En reformas con piedra natural, mármol o materiales de gran masa térmica, este punto importa todavía más. La inercia térmica hace que la vivienda tarde más en calentarse y en enfriarse, así que no tiene sentido montar el termostato en un punto que reaccione antes o después que el resto de la casa. En esas viviendas, yo prefiero programar con algo de antelación y evitar cambios bruscos de temperatura.
Cuando el equipo está bien situado, aparecen los errores típicos que más confusión generan y que, por desgracia, todavía veo demasiado a menudo.
Los errores que más veo y cuándo conviene llamar a un profesional
La OCU recuerda a menudo que cada grado extra puede elevar la factura en torno a un 7%, así que instalar bien el termostato no es un detalle menor. Un aparato caro mal colocado o mal cableado ahorra poco o nada. Yo me fijaría especialmente en estos fallos:
- Confundir dos cables con compatibilidad garantizada. No basta con que haya dos hilos; hay que saber qué señal espera la caldera.

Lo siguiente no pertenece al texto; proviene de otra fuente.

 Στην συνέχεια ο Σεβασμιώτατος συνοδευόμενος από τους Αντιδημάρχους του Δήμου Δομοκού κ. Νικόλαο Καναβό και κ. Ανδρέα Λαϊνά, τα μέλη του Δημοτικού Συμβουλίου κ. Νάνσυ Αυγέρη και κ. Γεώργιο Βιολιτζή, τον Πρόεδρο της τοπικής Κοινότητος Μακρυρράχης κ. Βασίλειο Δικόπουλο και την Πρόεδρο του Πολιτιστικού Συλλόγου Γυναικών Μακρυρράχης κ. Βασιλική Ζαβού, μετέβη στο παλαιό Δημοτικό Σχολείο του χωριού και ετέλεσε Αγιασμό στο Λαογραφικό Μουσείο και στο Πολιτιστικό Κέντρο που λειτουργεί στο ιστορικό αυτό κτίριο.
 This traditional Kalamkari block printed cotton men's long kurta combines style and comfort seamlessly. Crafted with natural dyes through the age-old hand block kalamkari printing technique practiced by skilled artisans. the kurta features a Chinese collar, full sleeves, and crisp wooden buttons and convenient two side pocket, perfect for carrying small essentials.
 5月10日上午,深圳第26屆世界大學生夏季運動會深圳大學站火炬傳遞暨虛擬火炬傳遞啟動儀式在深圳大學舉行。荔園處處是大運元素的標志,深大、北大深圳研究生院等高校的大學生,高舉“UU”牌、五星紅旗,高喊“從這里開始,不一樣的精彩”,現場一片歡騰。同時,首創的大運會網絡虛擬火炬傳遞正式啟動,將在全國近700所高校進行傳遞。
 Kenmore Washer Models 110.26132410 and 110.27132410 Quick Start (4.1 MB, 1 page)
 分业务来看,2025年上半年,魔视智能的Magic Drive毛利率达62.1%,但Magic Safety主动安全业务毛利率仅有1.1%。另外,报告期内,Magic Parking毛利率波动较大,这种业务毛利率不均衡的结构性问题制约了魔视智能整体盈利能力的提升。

- Montarlo en un sitio frío o soleado. La lectura deja de representar la temperatura real de la vivienda.
- Olvidar el receptor o el puente en modelos inalámbricos e inteligentes. El termostato “existe”, pero no gobierna nada.
- Programar cambios demasiado agresivos. Subir tres o cuatro grados de golpe no calienta antes; solo vuelve más brusca la regulación.

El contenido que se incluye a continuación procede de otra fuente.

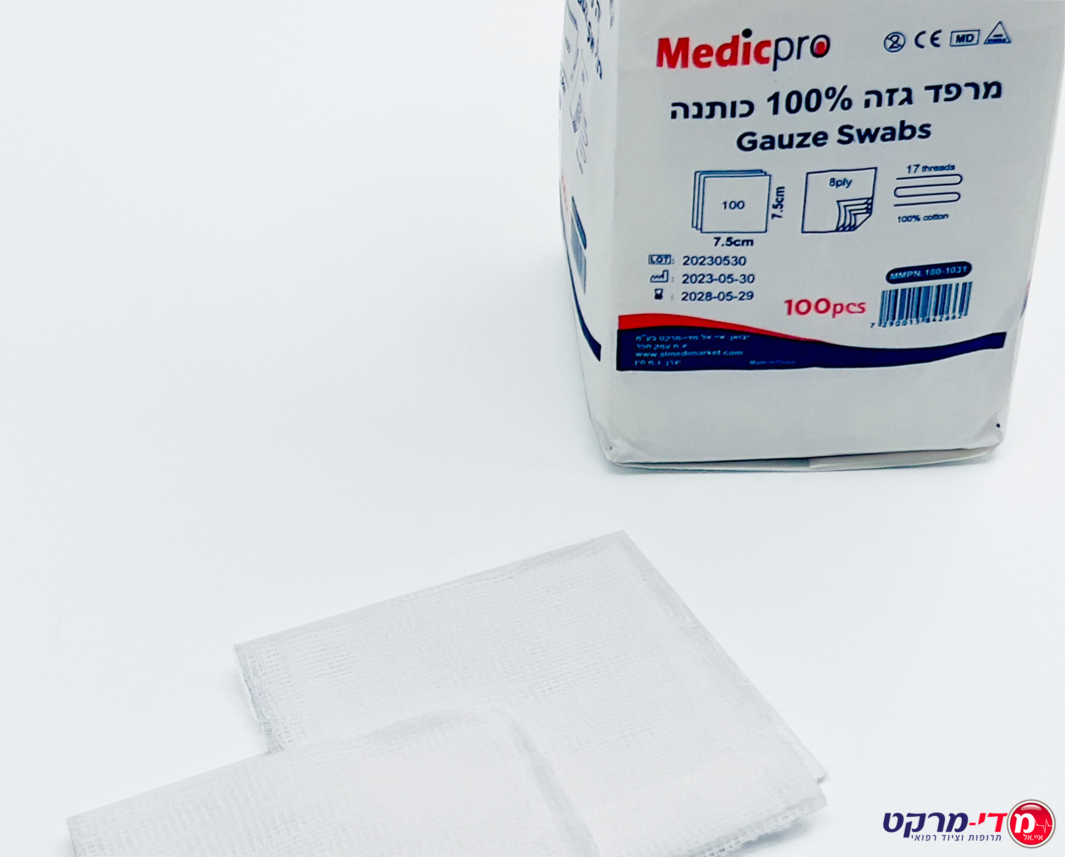 / פד גזה 7.5*7.5 ס"מ,8 שכ',17 חוט,מדיקפרו 100

- No revisar baterías, app o WiFi. En un modelo inteligente, una mala configuración de red puede dejarte sin control remoto justo cuando más lo necesitas.

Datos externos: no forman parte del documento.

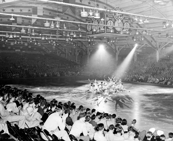Throughout the following 30 years the Pan-Pacific would host the Ice Capades and the Harlem Globetrotters, serve as home to the Los Angeles Monarchs of the Pacific Coast Hockey League along with UCLA ice hockey, UCLA men’s basketball, USC men’s basketball, professional tennis, car shows, political rallies and circuses. During the 1940s it was used for audience-attended national radio broadcasts and in the 1950s for televised professional wrestling shows. At its height, most major indoor events in Los Angeles were held at the Pan-Pacific. Leopold Stokowski conducted there in 1936, 1950s actress Jeanne Crain was crowned “Miss Pan Pacific” there in the early 1940s, General Dwight D. Eisenhower spoke to a beyond-capacity crowd of 10,000 in 1952 a month before being elected President of the United States, Elvis Presley performed there in 1957 shortly before he was drafted into the Army and Vice President Richard Nixon addressed a national audience from the Pan-Pacific in November 1960. The building carried on as Los Angeles’ primary indoor venue until the 1972 opening of the much larger Los Angeles Convention Center, after which the Pan-Pacific Auditorium was closed.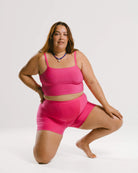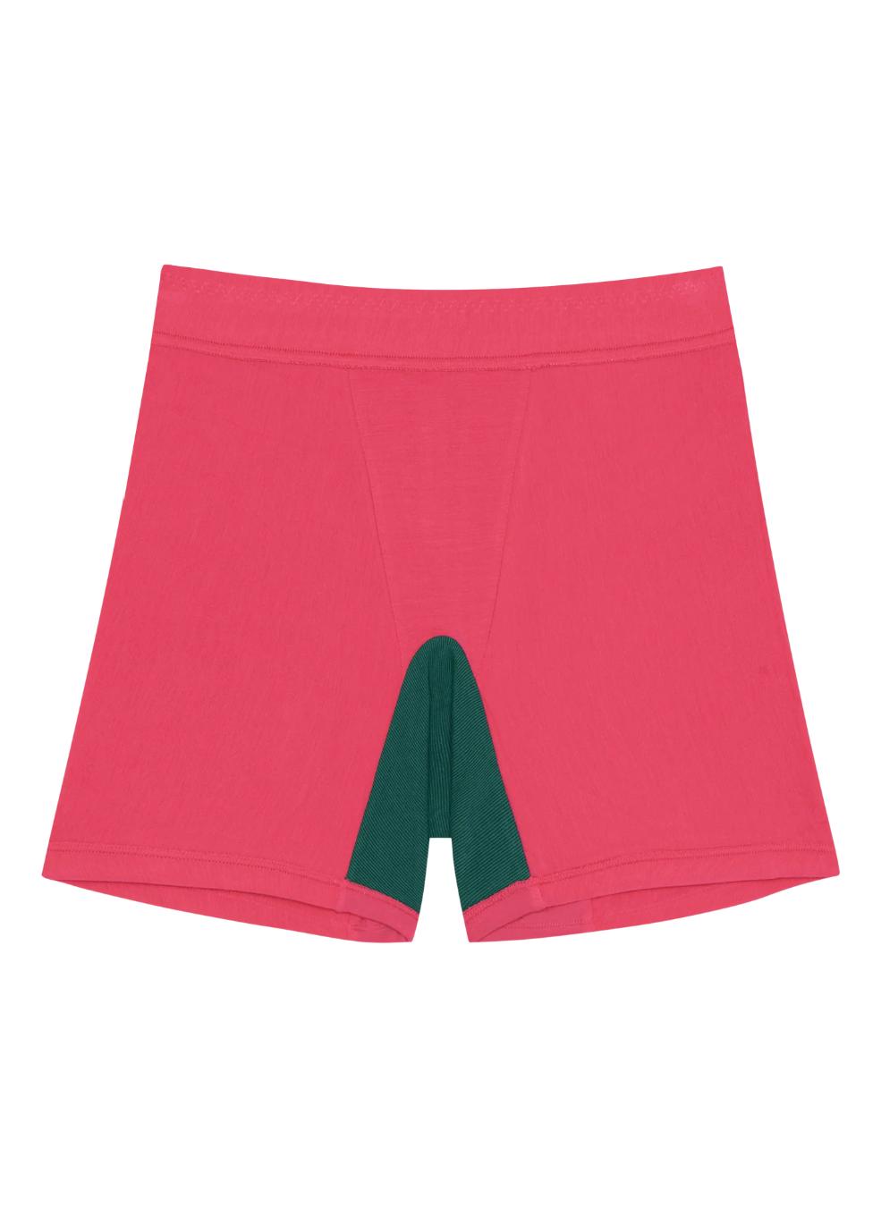 Our Mid Boxer is made for those that value comfort with coverage. High-waisted and extending to your upper-mid thigh, this versatile style is made for lounging, lunging, or anything in between. The fabric-covered, elasticated waistband and elastic-free leg cuffs hold their shape without digging into yours. Features a cute visible front panel for soft yet structured support.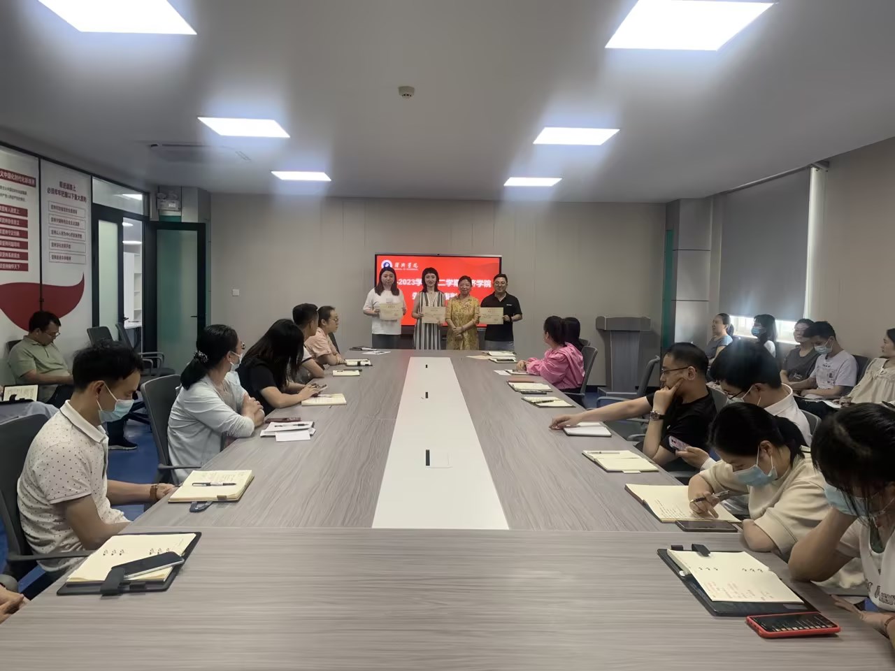 为进一步提振精神、鼓足干劲、凝心聚力,充分发挥先进典型的示范引领作用,营造良好的迎评促建氛围,6月14日,经济公司在会议室召开2022-2023学年第二学期先进个人表彰大会,会议由经理陈靓秋主持,全体教师参加。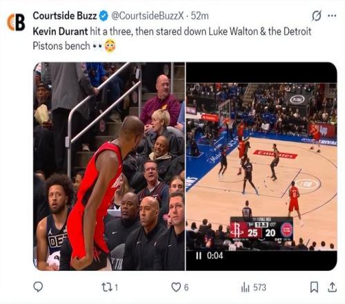 第一節(jié)杜蘭特命中幾乎壓哨的三分球后,杜蘭特怒視著活塞替補(bǔ)席與盧克-沃頓。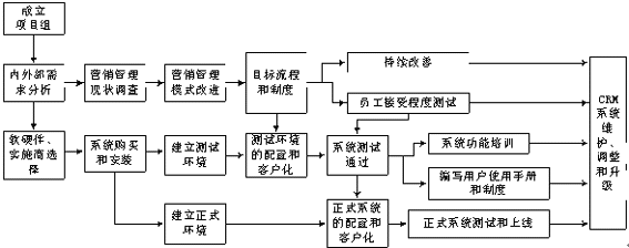 一個CRM系統(tǒng)的建設(shè)所經(jīng)過的歷程,可以用圖1所示。漢普管理咨詢(中國)有限公司的CRM系統(tǒng)的實施就是按照這個路線進行的,主要從管理的調(diào)整和信息系統(tǒng)的建設(shè)兩個方面著手。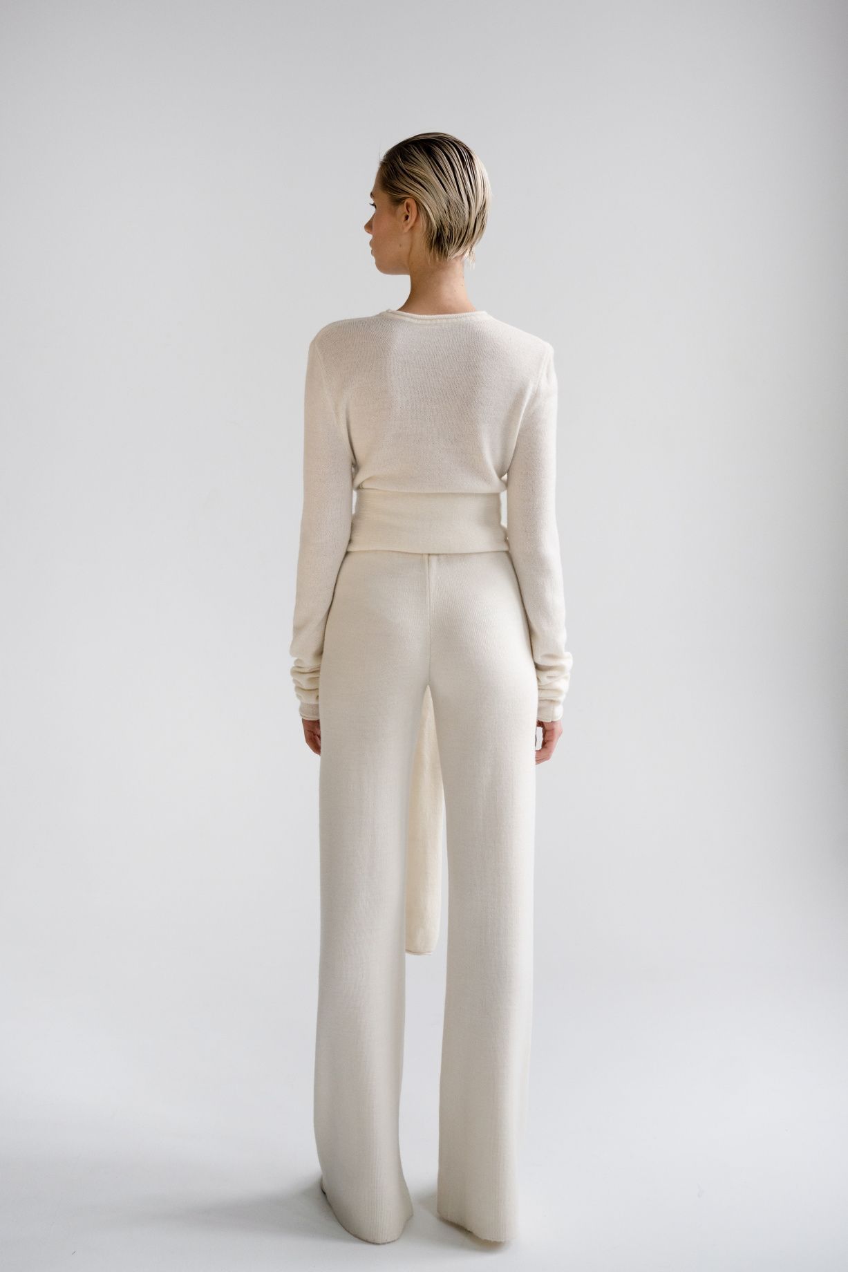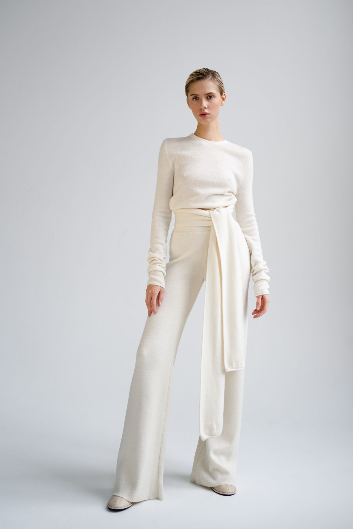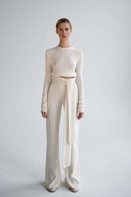 Бесшовные трикотажные брюки свободной кроя из шерсти австралийского мериноса с удобным поясом.Состав: 60% шерсть австралийского мериноса, 40% вискоза

| Situación | Qué haría yo | Coste orientativo |
|---|---|---|
| Sustitución simple por un modelo compatible | Puede hacerse en casa si tienes experiencia básica y el esquema está claro | Desde unos 50 € de mano de obra en trabajos sencillos |
| Cambio a inalámbrico o inteligente | Mejor si ya tienes claro el receptor, la app y la conexión a la caldera | Entre 75 € y más de 300 € según equipo y complejidad |
| Hay que abrir rozas, mover la ubicación o adaptar la instalación | Yo llamaría a un profesional sin pensarlo demasiado | Sube con facilidad por encima de una instalación simple |
| No sabes si la caldera admite contacto seco, bus o 230 V | No improvisaría | Primero diagnóstico, luego montaje |
Si la instalación está clara, cambiarlo tú mismo tiene sentido. Si no lo está, el ahorro del bricolaje se evapora rápido entre errores, tiempo perdido y posible visita técnica. Y una vez que el termostato ya funciona, la parte interesante pasa a ser el ajuste fino: ahí es donde se nota de verdad si la calefacción trabaja a tu favor o no.
Cómo dejarlo afinado para que la calefacción trabaje a tu favor
Yo no juzgo un termostato por cómo queda el primer día, sino por cómo responde tras una semana de uso real. La prueba útil es sencilla: deja una consigna estable, observa si la vivienda se mantiene confortable sin subidas y bajadas constantes y ajusta después por franjas horarias, no por impulsos.
- Empieza con 20-21 °C en estancias principales y baja algo por la noche si la casa lo permite.
- Evita cambiar la consigna cada pocas horas. La regulación necesita margen para trabajar con estabilidad.
- Si tu casa tiene mucha masa térmica, adelanta el encendido en lugar de subir varios grados de golpe.
- Revisa el primer ajuste tras 5-7 días: es el tiempo mínimo razonable para ver si el patrón encaja con tu rutina.
- En modelos inteligentes, deja que la automatización aprenda antes de desactivar funciones por impaciencia.
En viviendas con piedra natural, suelos densos o muros con mucha inercia, este ajuste fino marca una diferencia visible: el termostato tiene que pensar con más anticipación que impulso. Si te quedas con una sola idea, que sea esta: instalarlo bien importa, pero programarlo y colocarlo bien importa todavía más. Cuando las dos cosas se hacen con criterio, la calefacción deja de ir a trompicones y empieza a comportarse como un sistema pensado para tu casa, no contra ella.